# Action item
The lines from the top of the data down to the line with "Cute mug girls" should be repeated exactly, both ends included.

#### Listed entries ####

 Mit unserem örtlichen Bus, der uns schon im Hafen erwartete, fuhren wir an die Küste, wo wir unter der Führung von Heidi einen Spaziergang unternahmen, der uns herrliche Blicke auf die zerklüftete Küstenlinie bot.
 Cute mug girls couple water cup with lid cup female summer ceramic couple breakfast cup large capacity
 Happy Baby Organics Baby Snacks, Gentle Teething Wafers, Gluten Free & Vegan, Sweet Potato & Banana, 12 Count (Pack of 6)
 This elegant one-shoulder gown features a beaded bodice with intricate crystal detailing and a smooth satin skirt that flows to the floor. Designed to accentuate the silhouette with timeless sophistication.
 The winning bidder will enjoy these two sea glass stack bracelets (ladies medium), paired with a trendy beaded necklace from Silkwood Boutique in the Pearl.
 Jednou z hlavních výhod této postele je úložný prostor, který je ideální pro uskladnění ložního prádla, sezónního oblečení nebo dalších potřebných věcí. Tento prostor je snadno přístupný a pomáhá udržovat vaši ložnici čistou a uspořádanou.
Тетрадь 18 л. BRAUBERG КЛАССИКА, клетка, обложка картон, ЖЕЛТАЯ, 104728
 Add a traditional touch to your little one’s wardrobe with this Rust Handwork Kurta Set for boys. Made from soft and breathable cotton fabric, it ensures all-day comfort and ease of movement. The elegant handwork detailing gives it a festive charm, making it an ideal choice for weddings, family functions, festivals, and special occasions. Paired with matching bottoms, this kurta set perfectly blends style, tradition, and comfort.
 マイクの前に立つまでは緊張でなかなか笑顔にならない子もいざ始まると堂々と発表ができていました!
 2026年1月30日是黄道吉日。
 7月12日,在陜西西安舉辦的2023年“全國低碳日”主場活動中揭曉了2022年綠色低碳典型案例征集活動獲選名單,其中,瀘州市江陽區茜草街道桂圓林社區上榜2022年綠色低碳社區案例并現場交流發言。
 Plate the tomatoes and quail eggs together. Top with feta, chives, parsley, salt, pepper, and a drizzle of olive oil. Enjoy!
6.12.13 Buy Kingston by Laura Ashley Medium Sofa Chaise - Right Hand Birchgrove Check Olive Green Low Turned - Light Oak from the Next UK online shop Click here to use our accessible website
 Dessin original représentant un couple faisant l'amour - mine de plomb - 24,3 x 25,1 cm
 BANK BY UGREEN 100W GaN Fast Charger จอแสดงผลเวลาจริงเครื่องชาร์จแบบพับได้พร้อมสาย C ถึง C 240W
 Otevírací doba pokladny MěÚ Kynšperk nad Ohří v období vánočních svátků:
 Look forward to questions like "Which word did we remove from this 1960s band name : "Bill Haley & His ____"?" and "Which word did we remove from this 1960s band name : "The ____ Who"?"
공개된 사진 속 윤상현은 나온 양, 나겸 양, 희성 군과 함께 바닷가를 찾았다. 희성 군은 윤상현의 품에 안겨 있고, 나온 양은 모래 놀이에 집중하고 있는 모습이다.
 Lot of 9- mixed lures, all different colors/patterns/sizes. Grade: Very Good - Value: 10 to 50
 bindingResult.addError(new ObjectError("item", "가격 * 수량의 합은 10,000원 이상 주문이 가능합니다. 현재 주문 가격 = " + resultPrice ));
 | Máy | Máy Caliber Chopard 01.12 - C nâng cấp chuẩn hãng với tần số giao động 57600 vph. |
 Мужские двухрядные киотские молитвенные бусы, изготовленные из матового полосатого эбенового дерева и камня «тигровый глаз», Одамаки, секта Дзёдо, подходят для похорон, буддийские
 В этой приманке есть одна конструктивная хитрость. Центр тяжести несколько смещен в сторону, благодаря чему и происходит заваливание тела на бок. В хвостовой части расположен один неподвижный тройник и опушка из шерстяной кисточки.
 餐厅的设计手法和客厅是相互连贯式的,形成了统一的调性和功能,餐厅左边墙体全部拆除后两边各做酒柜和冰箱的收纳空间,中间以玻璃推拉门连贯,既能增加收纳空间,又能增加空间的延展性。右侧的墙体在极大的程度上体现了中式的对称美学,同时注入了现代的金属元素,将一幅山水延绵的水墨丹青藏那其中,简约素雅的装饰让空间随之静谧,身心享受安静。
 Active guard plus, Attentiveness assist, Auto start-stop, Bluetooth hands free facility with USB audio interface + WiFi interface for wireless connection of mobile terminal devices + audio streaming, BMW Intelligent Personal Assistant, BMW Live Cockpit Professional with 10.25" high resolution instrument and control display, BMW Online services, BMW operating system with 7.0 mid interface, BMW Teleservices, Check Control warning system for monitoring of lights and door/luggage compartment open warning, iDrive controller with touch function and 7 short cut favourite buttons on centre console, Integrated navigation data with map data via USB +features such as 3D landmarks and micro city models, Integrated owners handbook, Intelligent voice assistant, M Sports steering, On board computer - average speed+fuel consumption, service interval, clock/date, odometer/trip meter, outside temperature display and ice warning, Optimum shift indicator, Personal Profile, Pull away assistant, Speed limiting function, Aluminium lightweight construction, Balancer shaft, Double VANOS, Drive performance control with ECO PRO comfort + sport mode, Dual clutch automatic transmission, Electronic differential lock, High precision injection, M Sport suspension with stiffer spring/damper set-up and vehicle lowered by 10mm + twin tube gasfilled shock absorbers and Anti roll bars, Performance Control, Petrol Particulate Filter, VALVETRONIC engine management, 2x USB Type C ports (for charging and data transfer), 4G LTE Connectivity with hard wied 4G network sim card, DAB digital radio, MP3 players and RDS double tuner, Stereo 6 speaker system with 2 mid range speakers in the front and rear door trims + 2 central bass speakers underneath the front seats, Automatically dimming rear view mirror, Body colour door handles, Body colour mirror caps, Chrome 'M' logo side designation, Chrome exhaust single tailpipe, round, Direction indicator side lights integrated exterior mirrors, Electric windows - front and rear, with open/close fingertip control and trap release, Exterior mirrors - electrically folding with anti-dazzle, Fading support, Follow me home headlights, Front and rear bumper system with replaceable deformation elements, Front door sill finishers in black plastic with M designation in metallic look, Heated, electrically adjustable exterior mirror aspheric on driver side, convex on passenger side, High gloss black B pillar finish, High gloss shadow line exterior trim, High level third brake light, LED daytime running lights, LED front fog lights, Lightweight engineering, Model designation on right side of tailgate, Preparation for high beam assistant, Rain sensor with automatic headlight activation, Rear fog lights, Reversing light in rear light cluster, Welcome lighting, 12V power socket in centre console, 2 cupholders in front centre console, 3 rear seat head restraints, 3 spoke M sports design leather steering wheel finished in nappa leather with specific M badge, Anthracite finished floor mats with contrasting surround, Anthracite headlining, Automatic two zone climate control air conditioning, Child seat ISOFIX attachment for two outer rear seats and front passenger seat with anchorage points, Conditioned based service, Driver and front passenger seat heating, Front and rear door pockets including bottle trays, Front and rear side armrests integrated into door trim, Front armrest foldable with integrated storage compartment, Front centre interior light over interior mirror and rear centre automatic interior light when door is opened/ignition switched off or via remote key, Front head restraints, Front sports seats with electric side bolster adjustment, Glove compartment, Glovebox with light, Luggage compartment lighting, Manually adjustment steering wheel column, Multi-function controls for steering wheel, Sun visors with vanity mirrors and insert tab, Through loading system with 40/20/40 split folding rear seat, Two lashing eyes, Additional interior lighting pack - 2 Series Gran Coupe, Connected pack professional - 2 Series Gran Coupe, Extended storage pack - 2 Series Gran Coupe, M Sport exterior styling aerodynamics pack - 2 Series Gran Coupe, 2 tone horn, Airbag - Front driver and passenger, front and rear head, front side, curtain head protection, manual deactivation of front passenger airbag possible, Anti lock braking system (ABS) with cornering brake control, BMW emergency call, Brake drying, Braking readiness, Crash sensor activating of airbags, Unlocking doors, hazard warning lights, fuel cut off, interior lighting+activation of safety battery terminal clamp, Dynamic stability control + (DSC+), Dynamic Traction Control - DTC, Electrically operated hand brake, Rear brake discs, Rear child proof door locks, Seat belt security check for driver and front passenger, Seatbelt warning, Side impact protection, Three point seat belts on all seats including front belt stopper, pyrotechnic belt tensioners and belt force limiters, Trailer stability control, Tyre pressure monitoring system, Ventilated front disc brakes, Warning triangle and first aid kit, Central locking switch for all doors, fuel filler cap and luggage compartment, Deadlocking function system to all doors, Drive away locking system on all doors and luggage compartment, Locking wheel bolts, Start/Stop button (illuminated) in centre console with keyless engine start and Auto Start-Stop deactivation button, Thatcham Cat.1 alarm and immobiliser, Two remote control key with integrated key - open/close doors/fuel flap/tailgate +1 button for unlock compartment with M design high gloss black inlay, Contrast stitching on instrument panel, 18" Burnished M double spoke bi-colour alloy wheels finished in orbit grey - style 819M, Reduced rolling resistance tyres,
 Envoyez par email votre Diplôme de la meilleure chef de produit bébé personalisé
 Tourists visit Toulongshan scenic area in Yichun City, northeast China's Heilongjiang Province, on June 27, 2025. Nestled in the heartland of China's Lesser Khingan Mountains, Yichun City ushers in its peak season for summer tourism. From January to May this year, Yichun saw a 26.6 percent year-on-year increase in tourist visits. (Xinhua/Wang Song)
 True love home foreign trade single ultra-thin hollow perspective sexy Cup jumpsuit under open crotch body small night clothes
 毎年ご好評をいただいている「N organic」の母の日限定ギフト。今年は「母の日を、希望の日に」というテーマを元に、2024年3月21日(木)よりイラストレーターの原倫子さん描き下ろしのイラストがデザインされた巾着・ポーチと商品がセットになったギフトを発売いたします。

####

# Solution to this problem
 Mit unserem örtlichen Bus, der uns schon im Hafen erwartete, fuhren wir an die Küste, wo wir unter der Führung von Heidi einen Spaziergang unternahmen, der uns herrliche Blicke auf die zerklüftete Küstenlinie bot.
 Cute mug girls couple water cup with lid cup female summer ceramic couple breakfast cup large capacity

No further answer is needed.